The elongated payload (surfboard 810) is then placed upon the magnetic vehicle racks 100 and anchored thereto with the restraints 305, 305′ and attachment means 310, 310′. The procedure is easily reversed to remove the magnetic vehicle racks 100 from the vehicle's roof 805. It is important to note that the magnetic vehicle racks 100 cannot be easily removed from the vehicle's roof 805 until the incurvate spine(s) 15 are removed from the elongated body(s) 5 of the vehicle racks 100. Once the incurvate spine(s) 15 are removed, the deformable polymeric material from which the magnetic vehicle racks 100 are constructed provides sufficient flexibility to sequentially remove each section containing a permanent magnet 35 from the vehicle's roof 805. In embodiments where a unitary permanent magnet is employed, the elongated body 5 may be successively pulled away from the surface of the vehicle 800 until removal is completed.

The various exemplary inventive embodiments described herein are intended to be merely illustrative of the principles underlying the inventive concept. It is therefore contemplated that various modifications of the disclosed embodiments will without departing from the inventive spirit and scope be apparent to persons of ordinary skill in the art. They are not intended to limit the various exemplary inventive embodiments to any precise form described. In particular, it is contemplated that the magnetic vehicle rack may be constructed from any suitable material with different dimensions and/or cross-sectional profiles. No specific limitation is intended to a particular construction material(s), assembly order, shape or sequence described. Other variations and inventive embodiments are possible in light of the above teachings, and it is not intended that the inventive scope be limited by this specification, but rather by the Claims following herein.

Claims

1. A vehicle rack comprising: an elongated body formed primarily from a flexible polymeric material including, a length of the elongated body dimensioned to laterally span a substantial portion of an exterior surface of a vehicle, a magnetic base element, a proximal end and a distal end;the magnetic base element having a generally planar bottom surface, the magnetic base element including one or more permanent magnets coupled in planar alignment with the bottom surface thereof, the one or more permanent magnets having sufficient magnetic attractive force to maintain the vehicle rack and an elongated payload anchored thereto magnetically coupled to the non-planar vehicle surface under both static and dynamic load conditions;an upper support element aligned generally in parallel with the magnetic base element and dimensioned to receive the elongated payload thereupon intermediate the proximal and distal ends; andan aperture spanning a long dimension of the elongated body intermediate the upper support element and the magnetic base element, the aperture dimensioned to receive therethrough an incurvate spine in an axial rotational relationship within the elongated body such that a curvature of the incurvate spine is in conformational alignment with the exterior surface of the vehicle;the incurvate spine formed from a rigid material and longitudinally dimensioned to extend through the aperture beyond the length of the elongated body.

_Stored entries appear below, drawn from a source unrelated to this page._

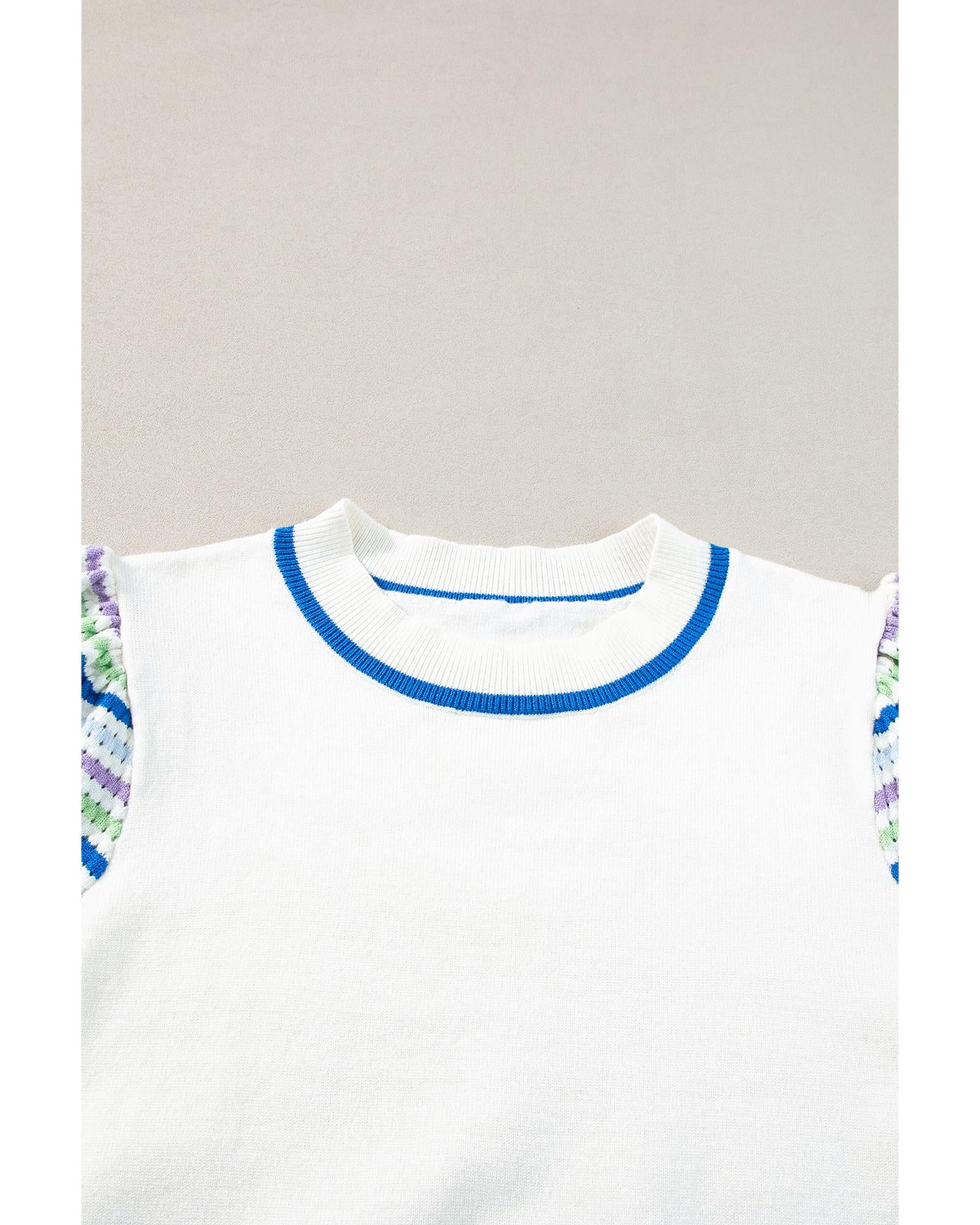 White Crochet Striped Bubble Sleeve Knit Sweater - S
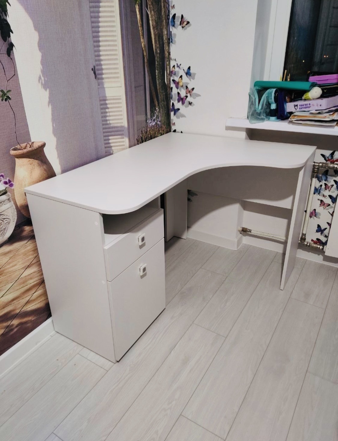 Мебель выполнена из сертифицированного, качественного, экологически чистого ЛДСП класса Е0,5 в белом цвете.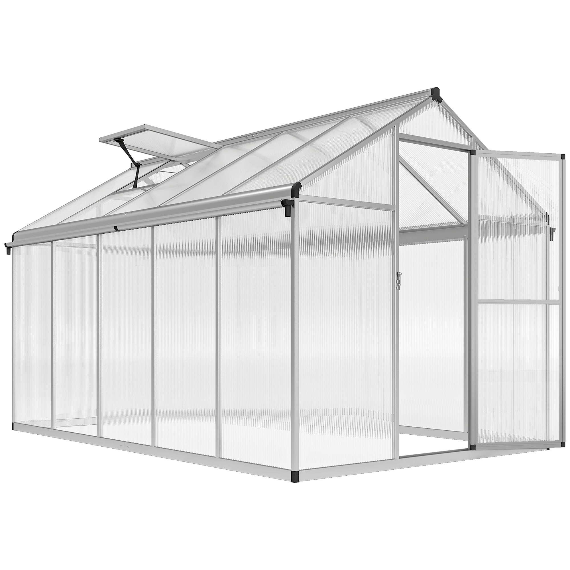 Outsunny 6 x 6ft Polycarbonate Greenhouse with Rain Gutters, Large Walk-In Green House with Window, Garden Plants Grow House with Aluminium | Aosom UK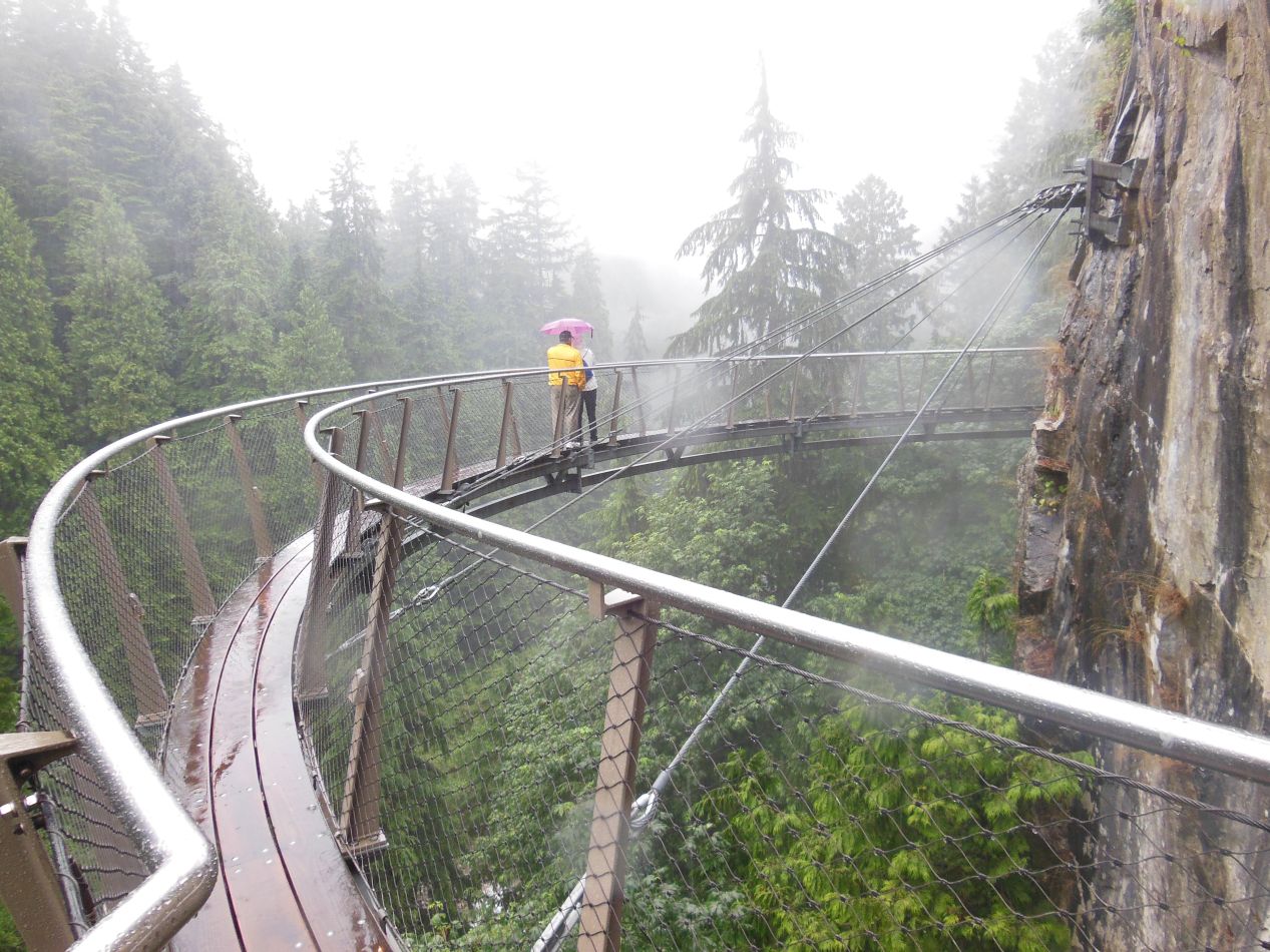 The Capilano Suspension Bridge was surprisingly crowded despite the terrible rain pouring down. There was another display of the same kind of totem pole artwork from local First Nations groups here, although not maintained as well as the similar pieces in Stanley Park. The actual bridge itself was a long and delicate feat of engineering work, stretching some 460 feet / 140 meters from end to end above a gorge below. It was a long drop to the bottom down there, and a small handful of visitors have fallen to their deaths in the canyon below over the years. (In all cases, the individuals were either using hallucinogenic drugs or deliberately climbed over the tall, sturdy railing of their own account - the bridge is quite safe.) The suspension bridge had a significant sway to it and this would not be the place to bring anyone who had a fear of heights. On this rainy, misty day it felt like we were flying through the treetops of the forest.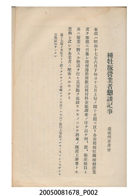 2005.008.1678 臺南州畜產會《種牡豚營業者懇談記事》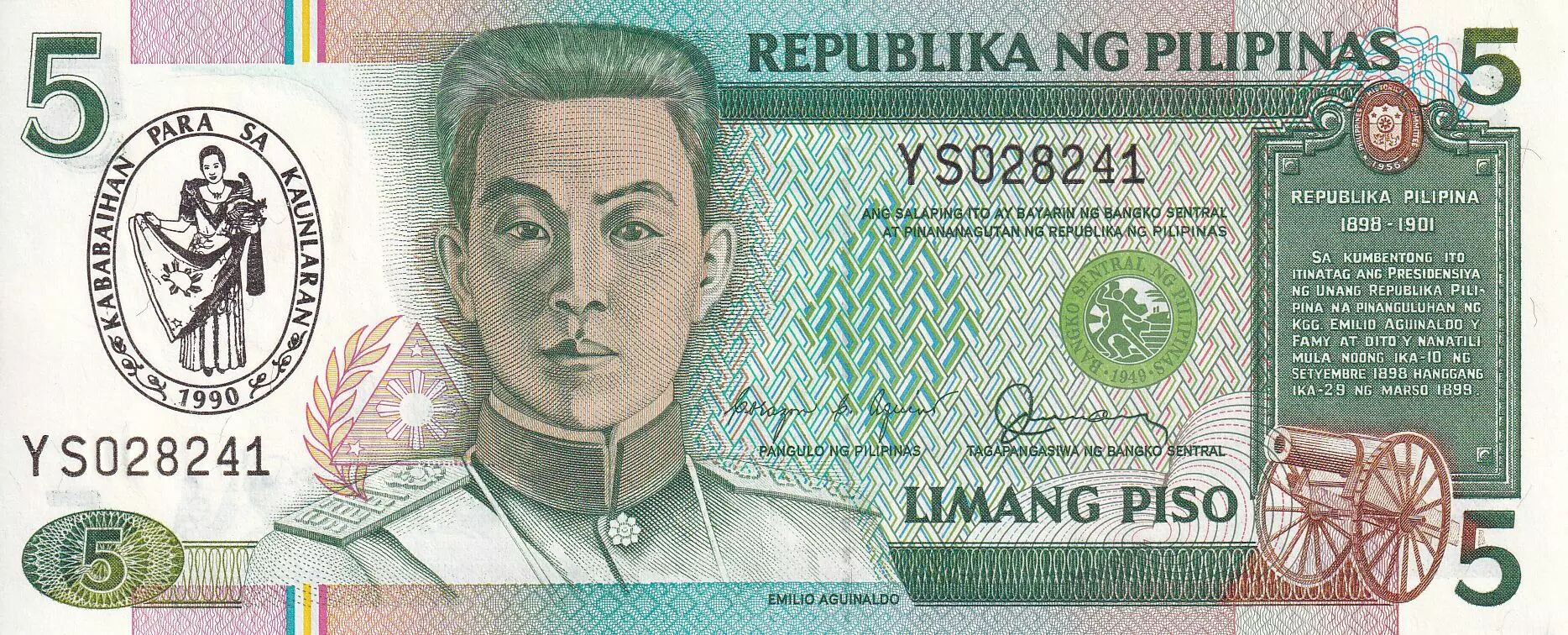 Billet Philippines 5 Piso - E. Aguinaldo - Déclaration d'indépendance - 1990 - NEUF - P.178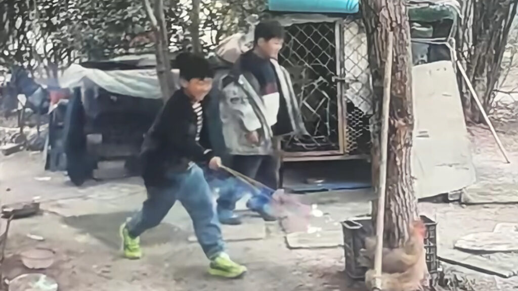 事發於連雲港市東海縣中央花園小區,內地社交平台周日(1日)流傳閉路電視片段,兩名據指就讀於東海縣牛山小學的男童疑因貪玩,手持點燃的煙花在屋苑公共地方的一個狗屋旁徘徊,導致籠內易燃物被點燃。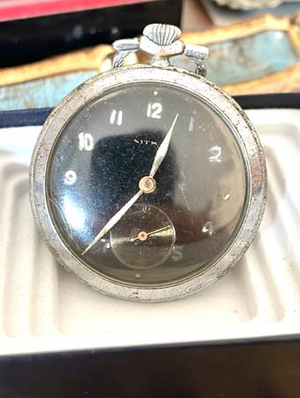 Antique Pocket Watch World War 2 German Military Deutsches Reichs Patent Stamped Black Dial Heavy Use Runs Intermittently Selling As Non Running Shipping Available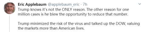 “特朗普清楚这不是唯一的原因。美国感染病例超过100万例的另一个原因,是他错失了减少这一数字的时机。特朗普‘最小化’新冠病毒的风险,并大肆宣扬道指,对市场的重视程度远超对美国人生命(的重视程度)。”

2. The vehicle rack of claim 1 wherein the incurvate spine is configured to uniformly transfer static and dynamic loads throughout the elongated body and magnetic base element at least by direct axial contact with a wall of the aperture.

3. The vehicle rack of claim 1 further comprising a plurality of posts aligned in a plane generally perpendicular to a long axis of the elongated body and directly coupled with the incurvate spine.

4. The vehicle rack of claim 1 wherein the elongated body further includes an arciform cross-sectional profile with the greatest width forming the magnetic base element.

5. The vehicle rack of claim 3 wherein the posts are disposed at symmetric contralateral positions in which an axial centerline of the incurvate spine converges with a centroidal axis of the incurvate spine.

6. The vehicle rack of claim 1 wherein the elongated payload is a surfboard.

7. A vehicle rack comprising: an elongated body constructed from a deformable polymeric material, the elongated body having a generally arciform cross-sectional profile, an oblate top surface and a planar bottom surface;an aperture dimensioned to axially receive a rigid, incurvate spine in a slidable and snug fit relationship;the incurvate spine configured to conform with a non-planar surface of a vehicle by coincident engagement with an internal structure maintained with the elongated body;one or more permanent magnets disposed along the bottom surface of the elongated body having sufficient magnetic attractive force to conform the elongated body to the non-planar surface of the vehicle;a plurality of restraints adapted to anchor an elongated payload to the vehicle rack at symmetric contralateral positions in which an axial centerline of the incurvate spine converges with a centroidal axis of the incurvate spine.

8. The vehicle rack of claim 7 wherein the incurvate spine is a non-ferromagnetic rigid rod or a tube.

9. The vehicle rack of claim 7 wherein a long dimension of the incurvate spine is dimensioned to coincidentally align within the aperture with the bottom surface of the elongated body in a face-to-face relationship with a symmetrically curved vehicle surface.

10. The vehicle rack of claim 7 wherein a width of the planar bottom surface is approximately 1.3-2.0 times wider than a width of the oblate top surface.

11. A vehicle rack comprising: a flexible elongated body having a proximal end, a distal end, an upper support element, an aperture which axially spans a long dimension of the elongated body, and a magnetic base element adapted to conform the elongated body to an exterior surface of a vehicle by magnetic attraction;a rigid, incurvate spine dimensioned to span through a length of the aperture in a snug fit relationship with a wall of the aperture, such that when the incurvate spine is inserted through the aperture, forces generated by an elongated payload are uniformly distributed along the magnetic base element without causing axial rotation of the incurvate spine;a plurality of posts for anchoring the elongated payload to the upper support element of the vehicle rack with one or more restraints coupled thereto.

12. The vehicle rack of claim 11 wherein each of the plurality of posts is aligned in a plane generally perpendicular to a long dimension of the upper support element.

13. The vehicle rack of claim 11 wherein each of the plurality of posts includes an aperture dimensioned to axially receive the incurvate spine therethrough, each aperture dimensioned to allow insertion of the incurvate spine therethrough.

14. The vehicle rack of claim 11 wherein the posts are disposed at symmetric contralateral positions in which an axial centerline of the incurvate spine converges with a centroidal axis of the incurvate spine.

15. The vehicle rack of claim 11 wherein the incurvate spine axially protrudes a predetermined length from the proximal end of the elongated body sufficient for grasping by a user.

16. The vehicle rack of claim 11 wherein at least the upper support element includes an exterior polymeric foam coating in contact therewith.

17. The vehicle rack of claim 11 wherein the magnetic base element is formed with a unitary sheet of flexible permanent magnet material.

18. The vehicle rack of claim 11 wherein the magnetic base element is formed with a plurality of permanent magnets embedded in a flexible polymeric material.

19. The vehicle rack of claim 11 wherein the flexible elongated body includes a generally arciform cross sectional profile with an oblate top surface forming the upper support element and a planar bottom surface forming the magnetic base element.

20. The vehicle rack of claim 19 further comprising a locking mechanism for preventing displacement of the incurvate spine from the aperture of the elongated body.